Count palindromic characteristics of a String
Given a string s of length n, count the number of substrings having different types of palindromic characteristics.
Palindromic Characteristic is the number of k-palindromes in a string where k lies in range [0, n).
A string is 1-palindrome(or simply palindrome) if and only if it reads the same backward as it reads forward.
A string is k-palindrome (k > 1) if and only if :
- Its left half is equal to its right half.
- Its left half and right half should be non-empty (k – 1)-palindrome. The left half of a string of length ‘t’ is its prefix of length ?t/2?, and the right half is the suffix of the same length.
Note: Each substring is counted as many times as it appears in the string. For example, in the string “aaa” the substring “a” appears 3 times.
Examples :
Input : abba Output : 6 1 0 0 Explanation : "6" 1-palindromes = "a", "b", "b", "a", "bb", "abba". "1" 2-palindrome = "bb". Because "b" is 1-palindrome and "bb" has both left and right parts equal. "0" 3-palindrome and 4-palindrome. Input : abacaba Output : 12 4 1 0 0 0 0 Explanation : "12" 1-palindromes = "a", "b", "a", "c", "a", "b", "a", "aba", "aca", "aba", "bacab", "abacaba". "4" 2-palindromes = "aba", "aca", "aba", "abacaba". Because "a" and "aba" are 1-palindromes. NOTE : "bacab" is not 2-palindrome as "ba" is not 1-palindrome. "1" 3-palindrome = "abacaba". Because is "aba" is 2-palindrome. "0" other k-palindromes where 4 < = k < = 7.
Approach:
Take a string s and say it is a 1-palindrome and checking its left half also turns out to be a 1-palindrome then, obviously its right part will always be equal to the left part (as the string is also a 1-palindrome) making the original string to be 2-palindrome.

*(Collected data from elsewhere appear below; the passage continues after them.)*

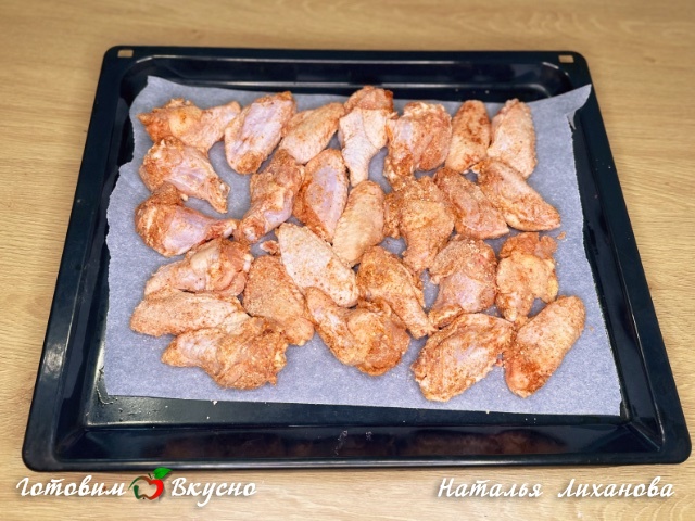 Line a baking sheet with parchment paper and place the wings on it. Put the wings in an oven preheated to 350°F for 30-35 minutes.
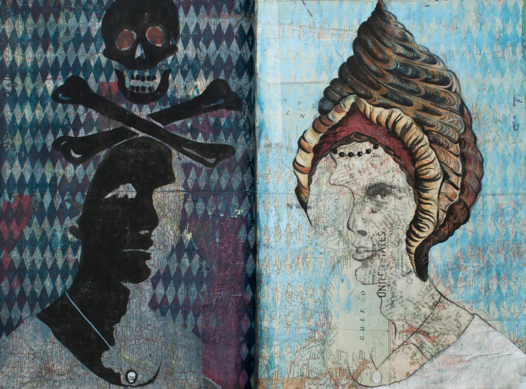 Jennifer Joanou presents her newest project, School of the Sea, a multipage, mixed media, hand painted and collaged illustrated journal, with hand embroidered detail, bound in a leather cover.
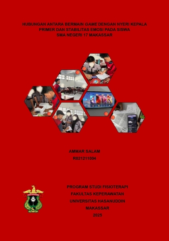 SALAM, AMMAR (2025) Hubungan Antara Durasi Bermain Game Dengan Nyeri Kepala Primer dan Stabilitas Emosi pada Siswa SMA Negeri 17 Makassar = The Relationship Between Gaming Duration and Primary Headache and Emotional Stability Among Students of SMA Negeri 17 Makassar. Skripsi thesis, Universitas Hasanuddin.

Now, similarly, checking the left half of the string, it also turns out to be a 1-palindrome then it will make the left half to be 2-palindrome and hence, making the original string to be 3-palindrome and so on checking it till only 1 alphabet is left or the part is not a 1-palindrome.
Let’s take string = “abacaba”. As known “abacaba” is 1-palindrome. So, when checking for its left half “aba”, which is also a 1-palindrome, it makes “abacaba” a 2-palindrome. Then, check for “aba”‘s left half “a” which is also a 1-palindrome. So it makes “aba” a 2-palindrome and “aba” makes “abacaba” a 3-palindrome. So in other words, if a string is a k-palindrome then it is also a (k-1)-palindrome, (k-2)-palindrome, and so on till 1-palindrome. Code for the same is given below which firsts check each and every substring if it is a palindrome or not and then counts the number of k-palindromic substrings recursively in logarithmic time.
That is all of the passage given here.